RECORDED DATA
********************

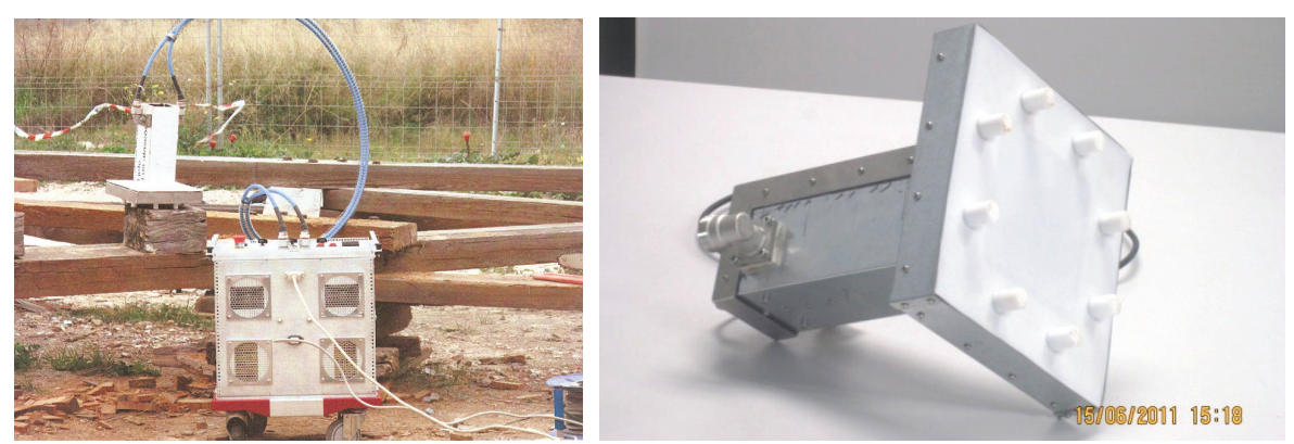
Fig. 2. Dryparasite device, antenna emitting microwaves

This system uses a device which components are: a special metal insulated box where 220 volt electric current is converted into 4000 volt by a transformer and microwaves are generated by a magnetron, a specially designed square antenna that reaches the element to be treated and special coaxial cables that connect the two elements (Fig. 2).
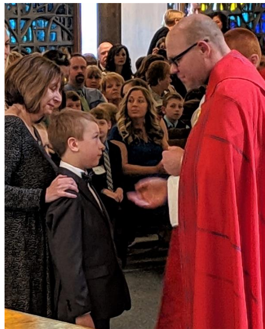
Grant is Confirmed!
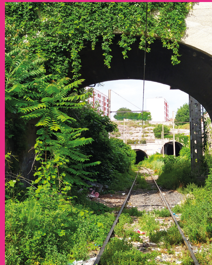
Project site 1

********************

HOW TO COMPLETE THIS TASK
Show the lines of the data that hold the word "antenna".

OUTPUT FOR THIS TASK
Fig. 2. Dryparasite device, antenna emitting microwaves
This system uses a device which components are: a special metal insulated box where 220 volt electric current is converted into 4000 volt by a transformer and microwaves are generated by a magnetron, a specially designed square antenna that reaches the element to be treated and special coaxial cables that connect the two elements (Fig. 2).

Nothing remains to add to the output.